Durante los últimos años hemos podido observar como la oferta y demanda de academias preuniversitarias se ha acrecentado vertiginosamente en nuestro país. Dicho suceso tiene su origen en la necesidad de miles de jóvenes que anhelan ingresar a una universidad para forjarse un mejor futuro. Sin embargo, estos “centros de aprendizaje” no surgen dentro de un sistema formal de educación. Por el contrario, se crean a raíz de la deficiencia académica que el mencionado sistema no puede cubrir. Ante este nuevo escenario educativo nace la necesidad de contar con profesores que preparen a los alumnos para rendir satisfactoriamente los exámenes de admisión. Es entonces, cuando los egresados de las carreras de educación o a fines se convierten en el recurso humano para desempeñar dicha labor. De esta manera, la labor del docente como tal empieza a desvirtuarse a tal punto que hoy ha sido trasladada al ámbito de la educación básica, especialmente en las instituciones educativas aperturadas por las mismas academias (Llámese Trilce, César Vallejo, Aduni, Pitágoras, Pamer, Honores, entre otras). Pero, en este breve artículo no nos centraremos en el problema del alumno, sino en el problema del “profesor preuniversitario”
Dicen que en nuestro país; el peor enemigo de un peruano es otro peruano y que uno se aprovecha de la necesidad del otro. Esto podría ser aplicable a lo que las llamadas Corporaciones Educativas vienen aplicando hoy en día como forma de justificar su comportamiento abusivo con los profesionales de la educación. Es así, que bajo el nombre de “Escuela para profesores” se busca desconocer la formación académica del docente y de esa manera remunerar su trabajo de la peor manera posible.

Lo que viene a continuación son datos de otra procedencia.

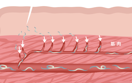 - 成長:蚊が吸血する際、L3は分泌液に乗って蚊の体外に押し出され、吻鞘を伝って犬(猫)の皮膚に降下、針の傷穴から体内(皮下)へと侵入します【感染】。皮下組織に潜伏し、3~10日で脱皮してL4となり、筋肉へと移動します。
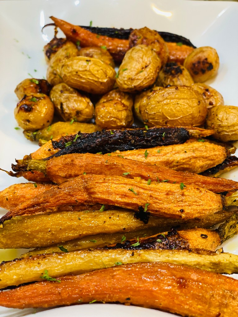 Roasted baby carrots and potatoes
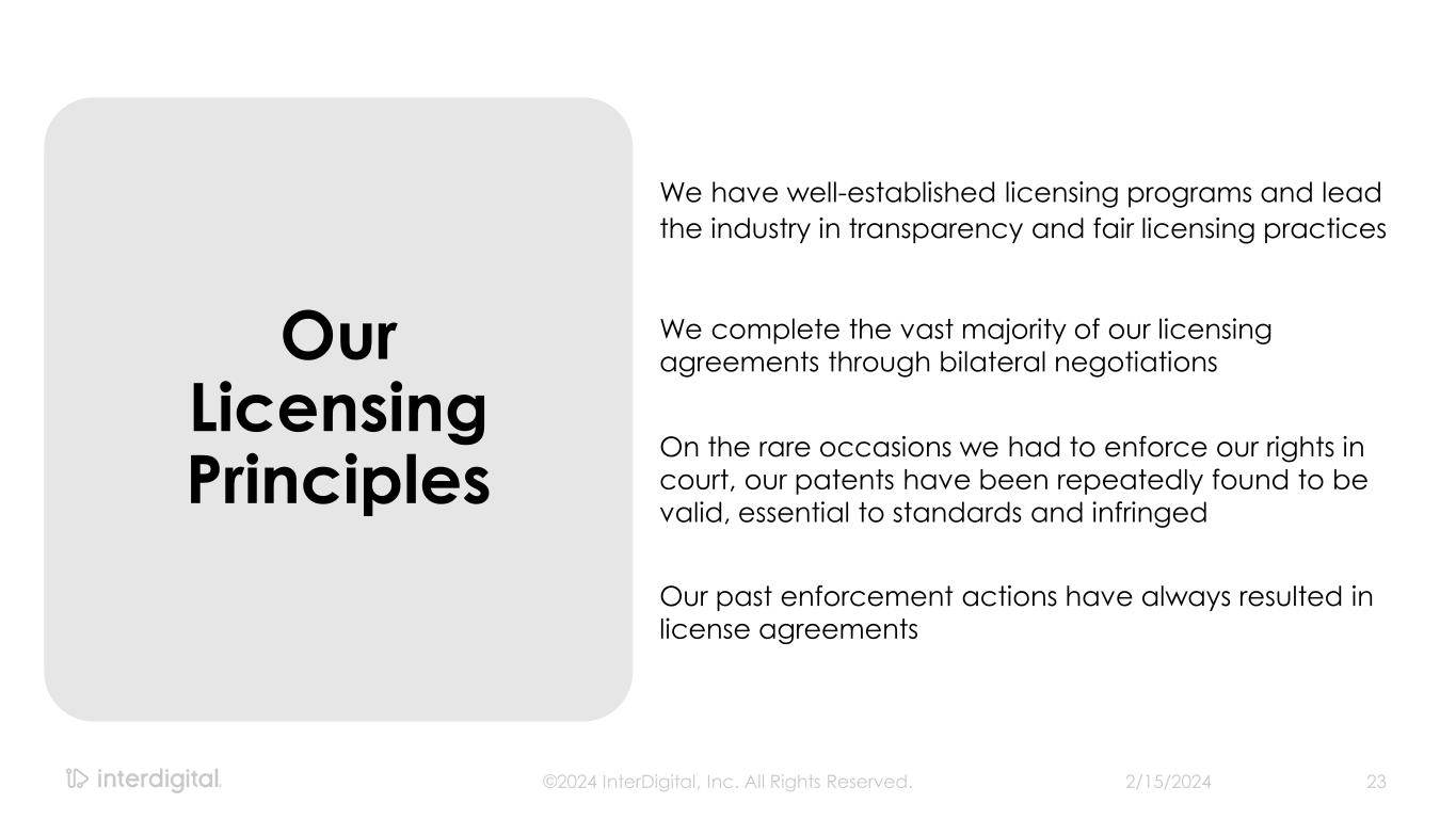 We have well-established licensing programs and lead the industry in transparency and fair licensing practices Our Licensing Principles We complete the vast majority of our licensing agreements through bilateral negotiations On the rare occasions we had to enforce our rights in court, our patents have been repeatedly found to be valid, essential to standards and infringed Our past enforcement actions have always resulted in license agreements 2/15/2024©2024 InterDigital, Inc. All Rights Reserved. 23
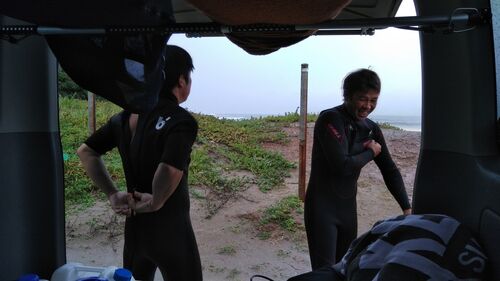 お疲れ〜 行ってきました「先端」に。 波はセットで腹〜 風はやはり合ってるが、波が少ねえ、人は多い。 乗れるけど、上潮のまあ35点。 朝イチからNGYMが張り切ってて、後はKW神。 「おい、起きろ!」って起こしたんだが、外に出たら雨でしょう〜 「やめよう…
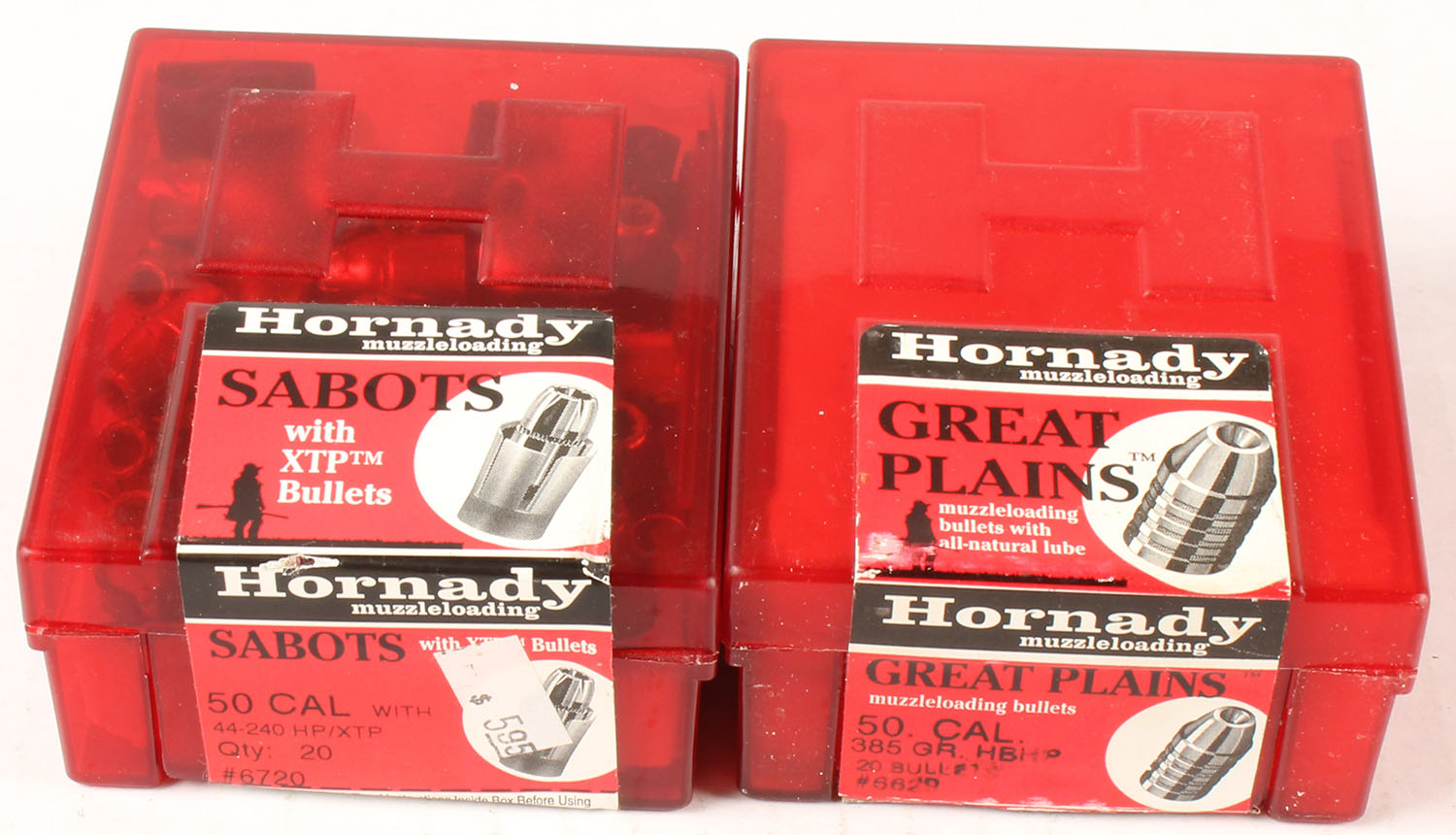 Hornady, Lot of (2), .50 Cal., Great Plains & Sabots, FULL & SEALED, 1pc., Red boxes are very solid, labels are intact. Grade: Excellent + - Value: 20 to 60
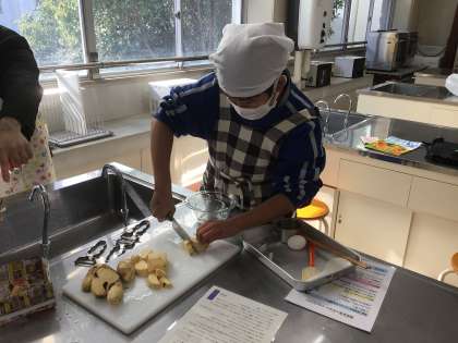 学校の畑で収穫したサツマイモを使い、スイートポテト作りに挑戦しました。
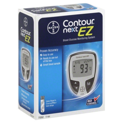 About This Item We aim to show you accurate product information. Manufacturers, suppliers and others provide what you see here, and we have not verified it. See our disclaimer Keep an eye on your levels using the Bayer Contour Next EZ 7252 Blood Glucose Monitoring System. It is ready to use right out of the box and also comes with a carrying case. Designed for self-testing and monitoring, it gives accurate readings using the included lancing device and microlet colored lancets. Keep track of your levels in the logbook. The Bayer blood glucose monitor only takes a small sample and has settings you can personalize to fit your preferences. Blood Glucose Monitoring System 7252. Proven accuracy. Easy to use. Ready to use out of the box. Small blood sample. Uses Bayer's Contour Next test strips. No coding. Simple to use: No Coding technology. Small blood sample - 0.6 ml. Fast 5-second countdown. Personalized settings: optional advanced features. Pre - and post-meal markers with adjustable testing alarms. Can be used with Bayer's diabetes management software. For self-testing, monitoring and management of blood glucose. In this kit you will find: Contour Next EZ Blood Glucose Meter; User guide and quick reference guide; Bayer's Microlet 2 lancing device; 10 Microlet colored lancets; Log book and carrying case. Contour Next control solutions (required to run a quality control check) are sold separately. Contour Next test strips (required to run a blood glucose test) are sold separately. Visit ContourChoice.com for savings, support, special offers, and more. 5 year limited warranty. Bayer HealthCare LLC is dedicated to providing the highest quality products and services to our customers. www.bayercontour.com. For sale in United States only. Meter made in Japan.

Usted maestro o maestra se ha puesto a pensar sobre el mensaje que dicha actitud lleva detrás. Pues al condicionar una plaza laboral, en alguna de las academias o colegios de cualquiera de las mencionadas corporaciones, con la asistencia a su Escuela de Profesores, cuyo resultado definirá su convocatoria o rechazo; no es otra cosa que desmerecer su calidad como profesional que a lo largo de cinco años o más ha ido forjando. Por ello, surgen las siguientes preguntas que vale la pena tomar en cuenta: ¿Acaso un profesional se merece este trato? ¿Estas corporaciones habrán descubierto la fórmula para crear al maestro perfecto? ¿Valdrá la pena la formación superior si para estas organizaciones no tienen ningún valor? ¿Quién les ha otorgado esa competencia?

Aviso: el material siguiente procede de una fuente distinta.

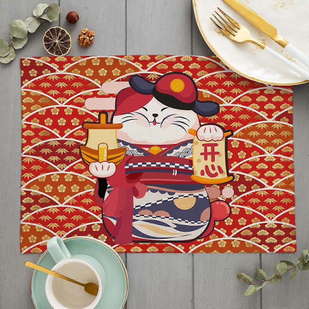 Japanese Lucky Cat Placemat MaNeKiNeKo Kitchen Decor Linen Dining Table Mats Coaster Pad Bowl Coffee Cup Mat Tablecloth 40X30cm
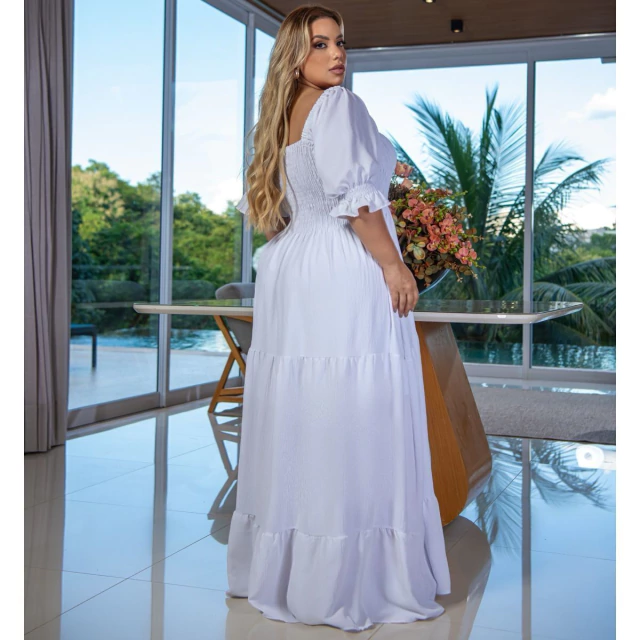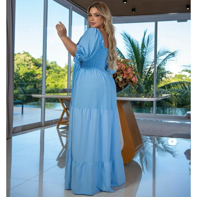 Vestido Longo, confeccionado em tecido Duna . Seu corte trás movimento e leveza na peça, proporcionando estilo e conforto, podendo ser usado tanto durante o dia, quanto durante a noite.
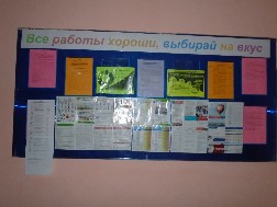 Для обучающихся 1-9 классов были оформлены стенды и уголки профориентации. С помощью оформленных стендов обучающиеся узнали больше информации о профессиях, которые востребованы в Кемеровской области и ознакомились с материалами для поступления в ВУЗы и колледжи, техникумы.
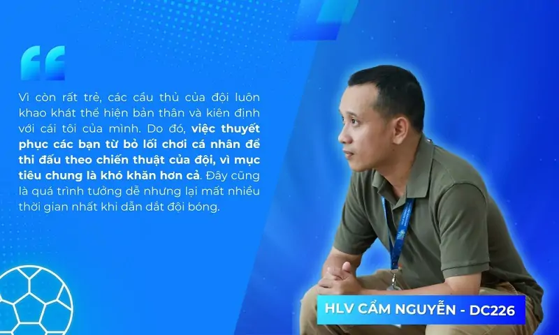 Ngôi vị vô địch mà DC226 đạt được không chỉ khẳng định năng lực của đội bóng trẻ, mà còn phản ánh sự tâm huyết, chính xác trong định hướng và chiến thuật của huấn luyện viên Cầm. Tuy nhiên, hành trình đến thành công chắc chắn không chỉ có hoa hồng. Anh Cầm chia sẻ: “Vì còn rất trẻ, các cầu thủ của đội luôn khao khát thể hiện bản thân và kiên định với cái tôi của mình. Do đó, việc thuyết phục các bạn từ bỏ lối chơi cá nhân để thi đấu theo chiến thuật của đội, vì mục tiêu chung là khó khăn hơn cả. Đây cũng là quá trình tưởng dễ nhưng lại mất nhiều thời gian nhất khi dẫn dắt đội bóng”. Từ đó, với kinh nghiệm không chỉ được tích lũy từ những trận đấu mà còn qua việc học hỏi từ các đội bóng khác trong giải đấu, anh tạo dựng một nền tảng vững chắc, hỗ trợ đội bóng phát triển lối chơi toàn diện hơn. Bên cạnh đó, sức trẻ và quyết tâm của các cầu thủ cũng đóng vai trò quan trọng, là những yếu tố then chốt góp phần tạo nên thành công rực rỡ của DC226.
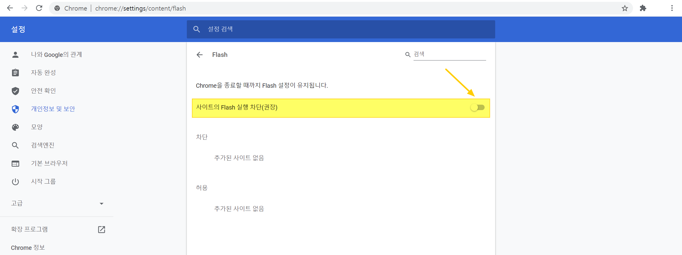 이 부분의 홰색 바를 오른쪽으로 옮기면 파란색이 되면서 플래시 실행 차단이 해제됩니다.
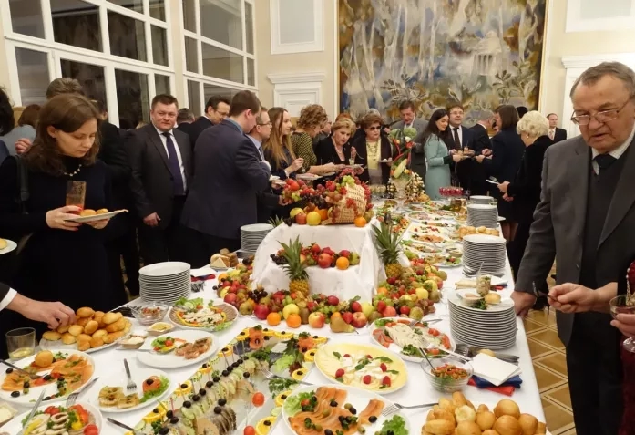 Вчера в банкетном зале Российского представительства поздравить друг друга с праздником, пообщаться и закусить собралось много народа. По имеющимся у нас данным, российских дипломатов в Швейцарии - около двухсот, сотрудники международных организаций "не считаются", у них особый статус - международные чиновники. К ним присоединились и различные представители общественности, к дипломатии отношения не имеющие, но на приемах в постпредстве бывающие регулярно.

Ningún profesional que se digne de serlo puede permitir ese trato ofensivo y abusivo. Pues, ningún grupo de personas cualesquiera puede desacreditar el valor de la formación universitaria. Más aun, pretender hacernos creer que su metodología de enseñanza es la ideal. Sobre todo cuando detrás de ella hay fines económicos de por medio (pagar menores sueldos, dar la imagen de alto nivel académico que garantice el aumento de alumnado, etc.).
Un verdadero profesional de la educación reconoce sus capacidades, sus habilidades, y aprende de sus errores para ser cada día mejor. Un maestro debe ser una persona con conocimientos, ética y dignidad. No seamos parte de la enfermedad sino de la solución.